Let \(Q(t)=\left| \sqrt{n}\left\{ \widehat{C}(t) -C(t)\right\} \right|\), then Q(t) can be approximated by \(\widetilde{W}(t)\). To construct a band for C(t) in an interval \([t_1,t_2]\), one needs to find the critical value such that

$$\begin{aligned} \mathrm {Pr}\left( {\underset{t\in [t_1,t_2]}{\sup}} \left| Q(t) /\sigma (t)\right| >q_\alpha \right) =\alpha . \end{aligned}$$

To obtain a realized process, one can generate standard normal random variates for \(G_{ik}(t),\forall i, k\). Also plug in the Kaplan-Meier estimators for survival probabilities and \(Y_k(t)/n\) to replace \(y_k(t)\),

$$\begin{aligned} \widehat{\widetilde{W}}(t)= & {} \sqrt{n}\sum \limits _{i=1}^n \left[ -\widehat{S}_1(t)\int _0^t \frac{G_{i1}(u)dN_{i1}(u)}{\bar{Y}_1(u)} -\widehat{S}_2(t)\int _0^t \frac{G_{i2}(u)dN_{i2}(u)}{\bar{Y}_2(u)}\right. \nonumber \\&\left. +\ \widehat{S}_3(t)\int _0^t\frac{G_{i3}(u)dN_{i3}(u)}{\bar{Y}_3(u)} -\widehat{S}_t(t)\int _0^t \frac{G_{i4}(u)dN_{i4}(u)}{\bar{Y}_4(u)}+\widehat{S}_5(t)\int _0^t\frac{G_{i5}(u)dN_{i5}(u)}{\bar{Y}_5(u)} \right] . \end{aligned}$$

Given B realized processes, let \(\widehat{\widetilde{W}}_b(t)\) denote the bth realized process.

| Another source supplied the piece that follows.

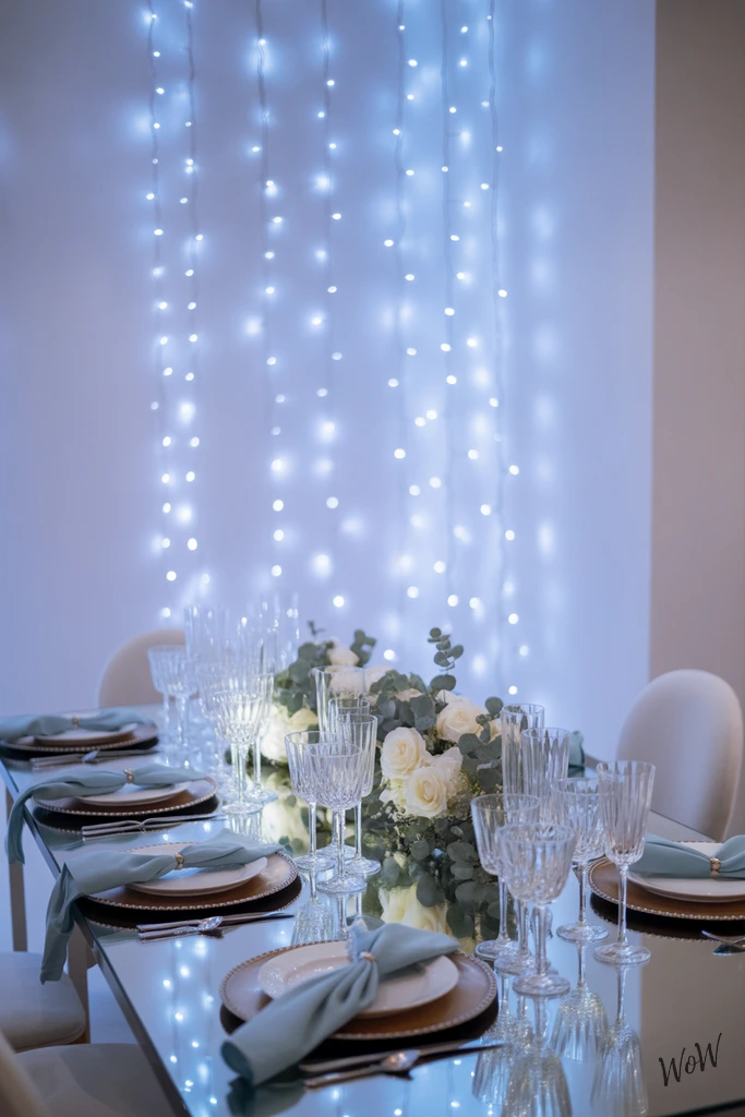 Anchor them in gentle, uneven lengths for that flowing, cascading vibe. When the lights hit your silver chargers and pale blue napkins, everything shimmers a little, and the centerpiece of white roses with silver eucalyptus leaves really pops.

The critical value is obtained by finding the \((1-\alpha )100th\) percentile of the supremum values, which is given by

$$\begin{aligned} B^{-1}\sum\limits_{b=1}^B\mathcal {I}\left( {\underset{t\in [t_1,t_2]}{\sup}} \left| \widehat{\widetilde{W}}_b (t)/\widehat{\sigma }(t)\right| > \tilde{q}_\alpha \right) =\alpha , \end{aligned}$$

where \(\mathcal {I}(\bullet )\) is the indicator function. A confidence band for C(t) is given by \(\widehat{C}(t)\pm n^{-1/2}\tilde{q}_\alpha \widehat{\sigma }(t), \forall t \in [t_1,t_2]\).

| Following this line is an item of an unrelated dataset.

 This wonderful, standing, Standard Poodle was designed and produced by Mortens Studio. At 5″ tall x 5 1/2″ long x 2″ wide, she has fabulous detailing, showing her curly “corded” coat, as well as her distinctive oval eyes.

A confidence band for differences in CGRFS between two independent samples

The method described in Section 2.2 can be extended to construct a confidence band for differences in CGRFS between two independent samples. Such a band could tell in what time range that CGRFS’s of two groups differ. This type of band is related to the hypotheses \(H_0: C_1(t)-C_2(t)=0\) versus \(H_a: C_1(t)-C_2(t)\ne 0, \forall t \in [t_1,t_2]\), where \(C_i(t)\) is CGRFS for sample i. A supremum test for the hypotheses can be developed.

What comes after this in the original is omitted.